12. The sheet according to claim 8, characterized in that the weight of the coating deposited is between 2 and 7 g/m2 per side by dry weight and the binder is an elastomeric polyurethane and wherein said coating comprises approximately 40 parts of the said silica and approximately 60 parts of the said binder, by dry weight, the sum of the parts of these components making up a total of 100.

13. The sheet according to claim 1, wherein the sheet is a paper based on cotton fibres and contains a wet-strength agent.

14. The banknote paper of claim 6, wherein the paper is a paper based on cotton fibres.

15. The sheet according to claim 1, wherein the sheet is a paper based on cellulose fibers.

16. A banknote paper comprising a sized security sheet according to claim 1, with intaglio printing thereon.
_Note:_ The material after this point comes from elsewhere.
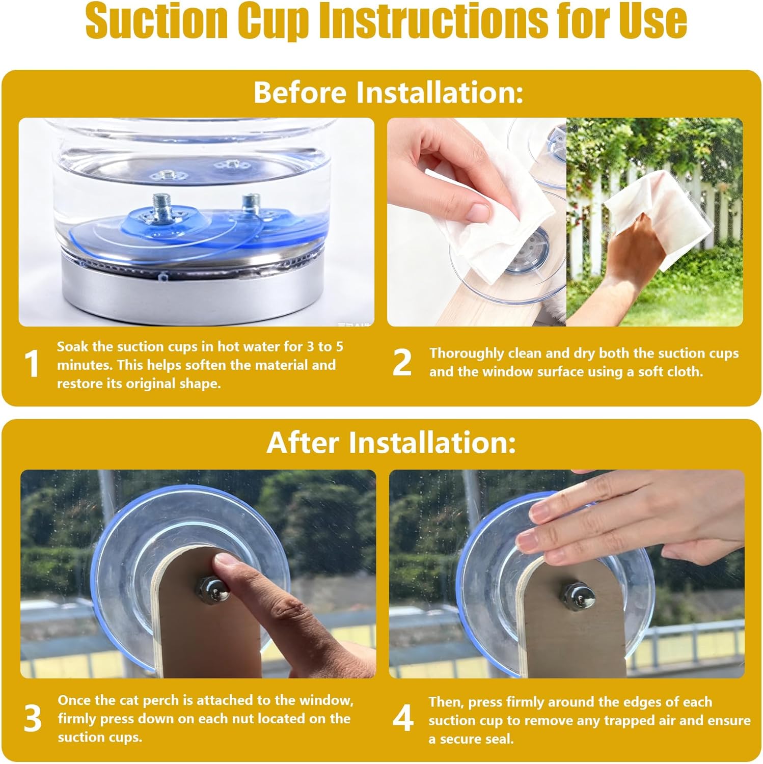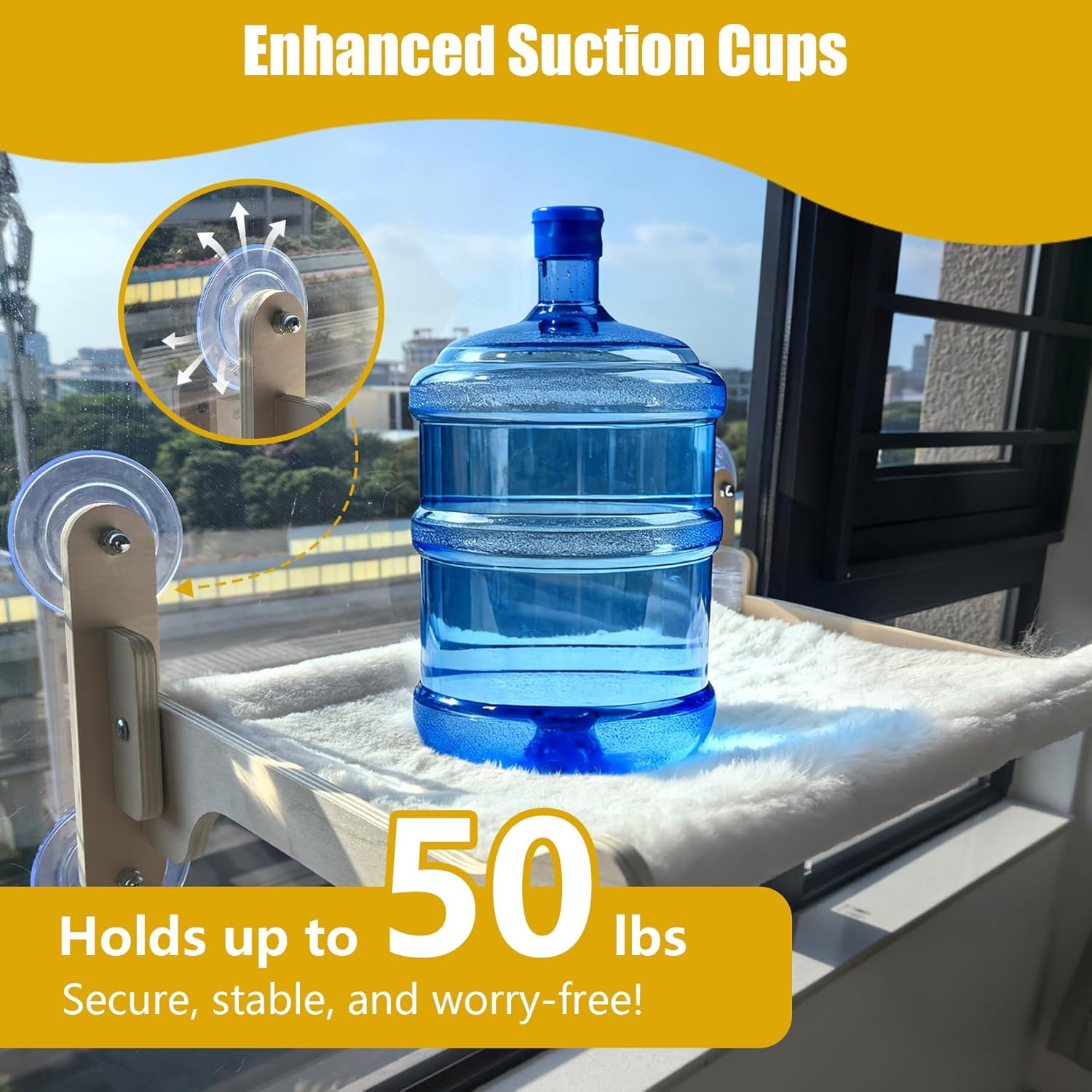- Sturdy & Reliable Construction Holds Up to 50 lbs: Engineered with a solid wood frame and reinforced with heavy-duty suction cups, this cat window perch for large cats securely supports up to 44 lbs—making it suitable for multiple pets or bigger breeds. Nylvian’s perch ensures stable jumping, stretching, and napping without wobbling or slipping, offering pet owners peace of mind
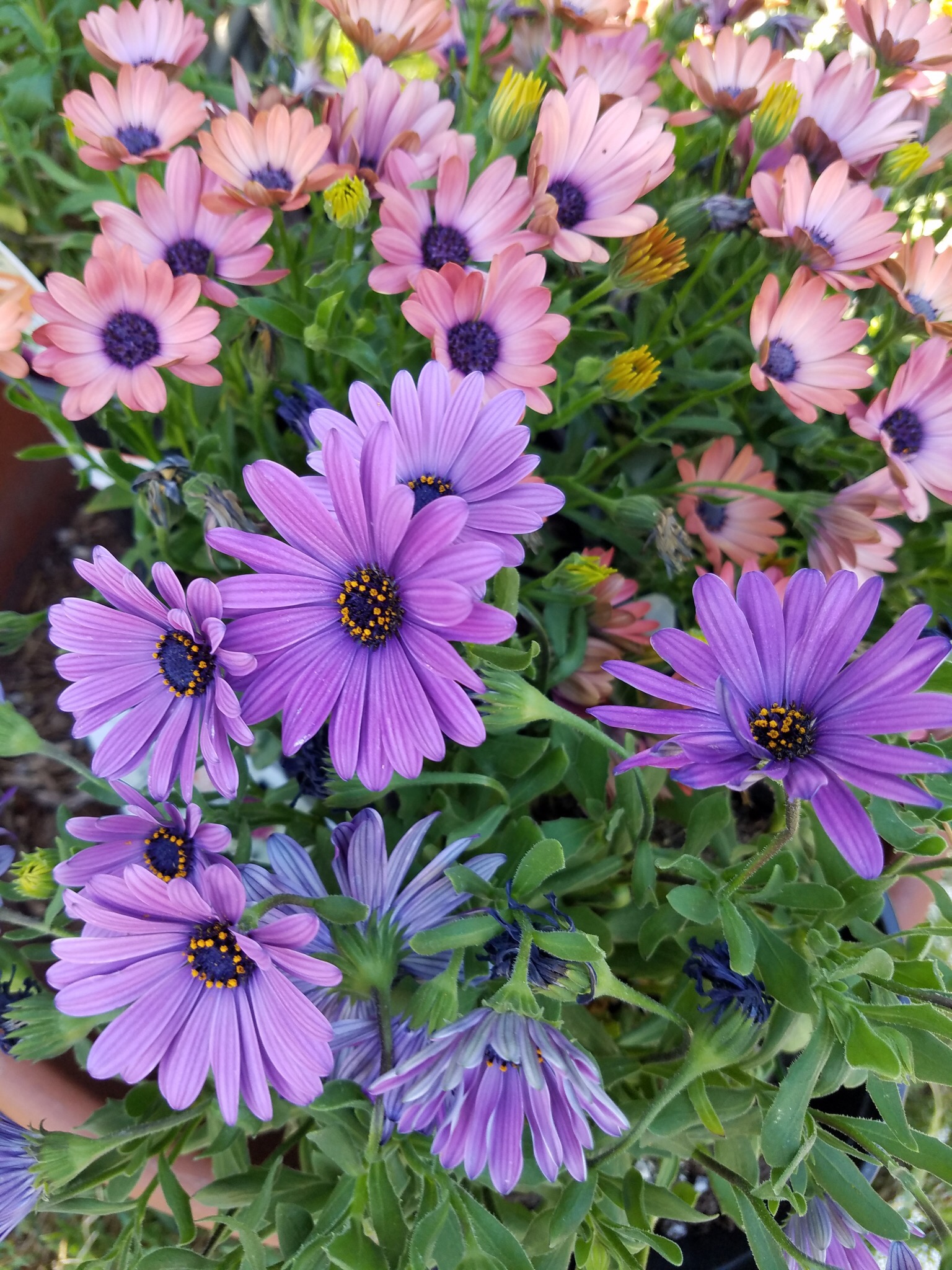 Saturday I spent time cleaning up the garden and planting a few colors of daisies that I picked up at the home improvement store. I LOVE color!

17. A banknote paper comprising a sized security sheet according to claim 8, with intaglio printing thereon, wherein the weight of the coating deposited is between 2 and 7 g/m2 per side by dry weight and is contiguous to the sheet, the coating contains a crosslinking agent which is a polyaziridine, the binder is an elastomeric polyurethane, and the silica is a fumed silica.

18. The sheet according to claim 1, wherein the sheet is a paper based on cellulose fibers, cotton fibers or a mixture thereof.

19. The sheet according to claim 8, characterized in that said silica has a specific surface area, measured according to the BET method (DIN 66 131 standard), of between 300 and 400 m2/g.